> PROBLEM REQUIREMENTS
Starting at the line below with "川崎市代表として第91回都市" and stopping at the line with "A two-way analysis", please print each line exactly, those two included, and skip every picture.

#### DATA TO EXAMINE ####

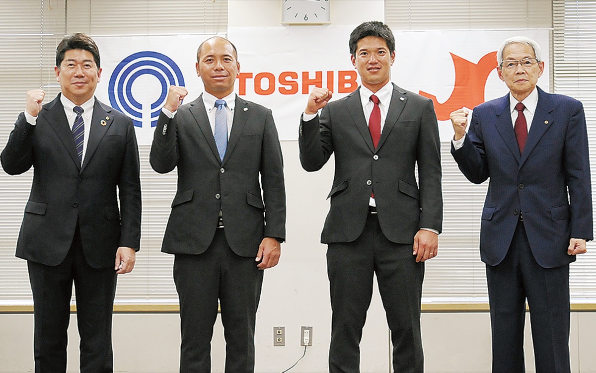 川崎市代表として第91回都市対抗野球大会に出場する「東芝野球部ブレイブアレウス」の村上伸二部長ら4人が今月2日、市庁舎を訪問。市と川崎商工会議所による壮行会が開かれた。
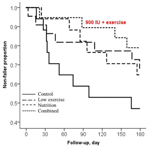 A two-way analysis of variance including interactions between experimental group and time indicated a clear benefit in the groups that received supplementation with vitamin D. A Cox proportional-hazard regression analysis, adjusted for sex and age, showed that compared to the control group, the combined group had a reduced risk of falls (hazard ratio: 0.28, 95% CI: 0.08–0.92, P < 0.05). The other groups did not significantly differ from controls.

####
#### DATA TO EXAMINE ####

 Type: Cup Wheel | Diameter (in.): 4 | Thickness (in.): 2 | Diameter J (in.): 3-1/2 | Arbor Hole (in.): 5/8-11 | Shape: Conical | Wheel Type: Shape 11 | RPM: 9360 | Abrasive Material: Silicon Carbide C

####
#### DATA TO EXAMINE ####

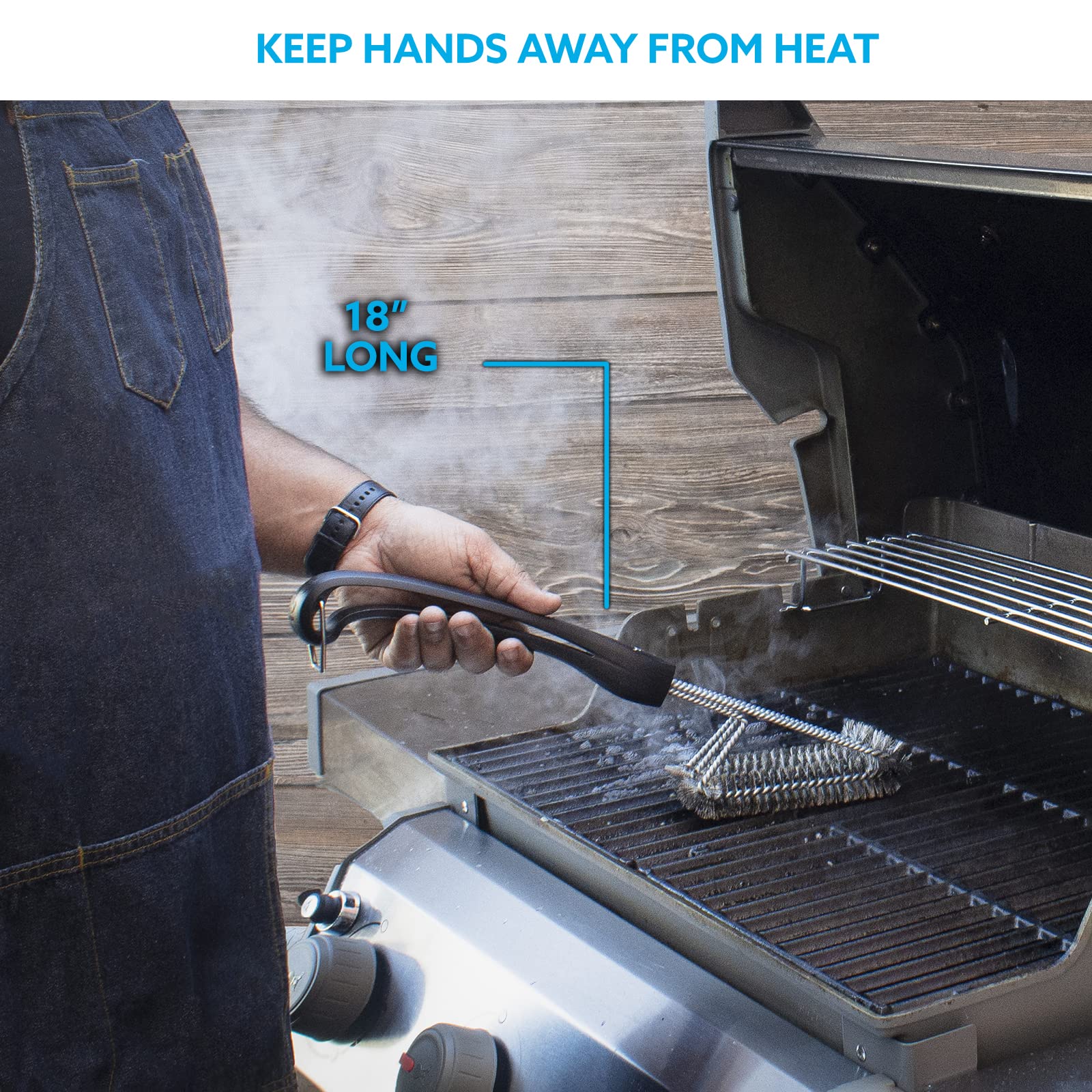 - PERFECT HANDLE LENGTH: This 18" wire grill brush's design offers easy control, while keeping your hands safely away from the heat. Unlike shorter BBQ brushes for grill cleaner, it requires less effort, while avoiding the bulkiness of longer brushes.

####

> SOLUTION FOR THIS TASK
 川崎市代表として第91回都市対抗野球大会に出場する「東芝野球部ブレイブアレウス」の村上伸二部長ら4人が今月2日、市庁舎を訪問。市と川崎商工会議所による壮行会が開かれた。
 A two-way analysis of variance including interactions between experimental group and time indicated a clear benefit in the groups that received supplementation with vitamin D. A Cox proportional-hazard regression analysis, adjusted for sex and age, showed that compared to the control group, the combined group had a reduced risk of falls (hazard ratio: 0.28, 95% CI: 0.08–0.92, P < 0.05). The other groups did not significantly differ from controls.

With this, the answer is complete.